I see absolutely no reason to ever stop reinforcing behaviors be it positive or negative.


----------



## Juan Galvis (Nov 22, 2010)

Bob Scott said:


> I see absolutely no reason to ever stop reinforcing behaviors be it positive or negative.


Bob, when you said " positive or negative " what do you imply by being "positive" and by being " negative" ?


----------



## Terrasita Cuffie (Jun 8, 2008)

You cannot compare a dog in a laboratory setting to a bonded/pack oriented dog. Those beginning experiments were more about reflex involuntary responses and most weren't done with dogs. For instance, I train a dog at age 2 to do a down in motion as part of an obedience class. For the next several years, I never have any reason to drop him in motion. He goes tearing across the yard and I say platz and he hits the dirt. That behavior hadn't been worked in years, let alone reinforced. Shouldn't it have extinguished? The original post was regarding non-instinct behaviors and whether the dog would work for praise. My marker work which is conditioned is "yes." I praise with in other ways. My marker word will take on the reinforcement effect of the primary reinforcer. I started a puppy with praise only and he worked for it; i.e. repeated the behavior. The praise was not conditioned. Its the tone of it that seems to do the trick judging by him and other handlers' dogs that I work. I don't feed them treats or play with them; yet they lock in on the voice and the silly praise and perform behaviors and repeat them. Yet some dogs need the classic reinforcement system to get the best out of them. 

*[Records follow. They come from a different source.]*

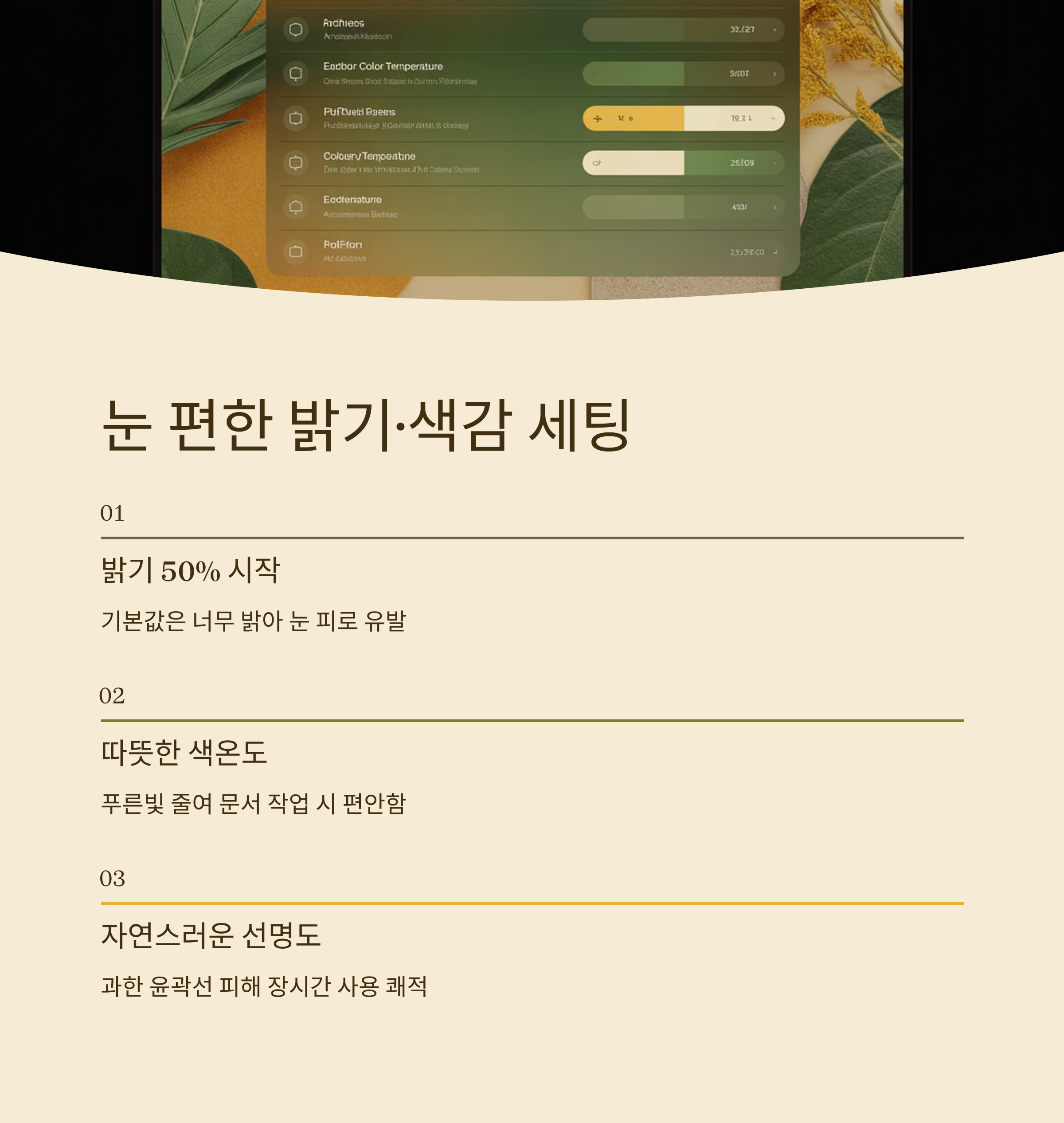 ⚙️ 밝기·색감 세팅, 눈 편한 값부터 찾아보기
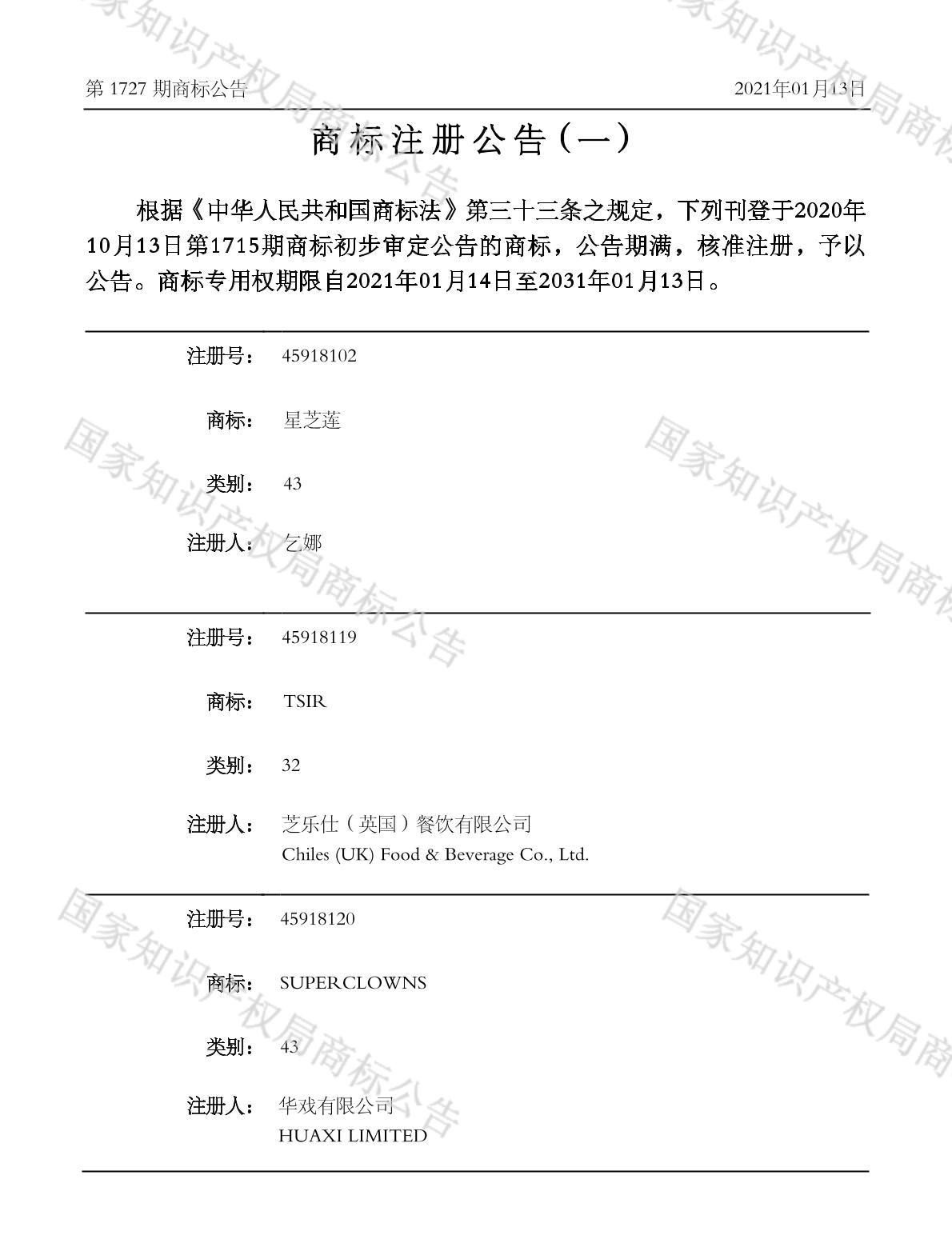 有效期限:2031-01-13 组合类型:中文注册号:45918119
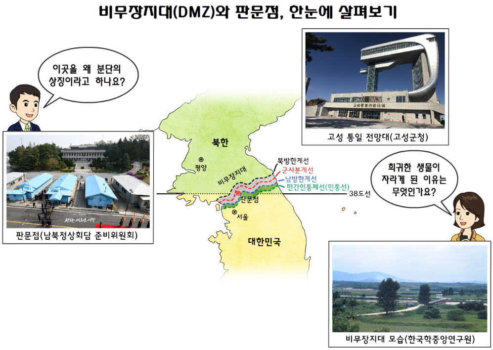 DMZ는 한반도의 동서를 잇는 국토 생태네트워크의 핵심 벨트로 분단 이후, 50여 년간 민간인의 접근이 통제ㆍ제한되어 왔기 때문에, 그 어느 지역에서도 찾아볼 수 없는 독특한 자연생태계를 형성하고 있습니다.
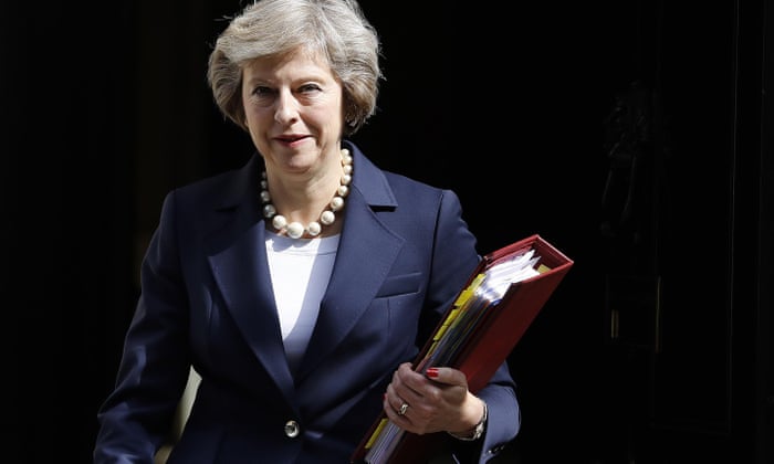 Theresa May leaves 10 Downing street to attend her first Prime Ministers Questions. Photograph: Frank Augstein/AP
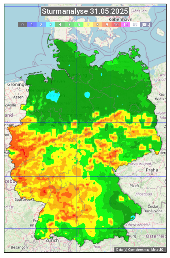Die Sturmanalyse vom 31.05.2025 zeigt die maximalen Windböen des Tages. Die Angabe erfolgt als Windstärke in Beaufort.

One of the reasons I referenced the draft work because for my dog, it isn't the least bit instinctive.


Terrasita


----------



## Terrasita Cuffie (Jun 8, 2008)

Sara Waters said:


> Well I find it works great for some of my dogs but I have yet to condition a response in one of my cattle dogs where a decision process is not going on in her mind LOL. She is incredibly resistant to conditioning, maybe I am doing something wrong with her. She responds immediately to the command but seconds later she determines if there will be a reward or not and responds accordingly. No amount of reinforcement seems to circumvent that. I can insist that she obeys and she will but it is not a true conditioned response, where her thought process doesnt occur.


 
I'd have to wonder how it was conditioned. Is this dog classically marker trained with a reward it finds valuable and with variable/random reinforcement schedule? You say she responds immediatedly to the command---then she performed it. Depending on the dog, adding duration and distance can be tricky. 

T


----------



## Sara Waters (Oct 23, 2010)

Terrasita Cuffie said:


> I'd have to wonder how it was conditioned. Is this dog classically marker trained with a reward it finds valuable and with variable/random reinforcement schedule? You say she responds immediatedly to the command---then she performed it. Depending on the dog, adding duration and distance can be tricky.
> 
> T


I used a clicker and food which is high value to her and she will do cartwheels if food is in the offing, very easy to teach initially. I also did all the variable and random reinforcement, building duration, distance, different locations etc. Like I do with my other dogs and it works perfectly well with them.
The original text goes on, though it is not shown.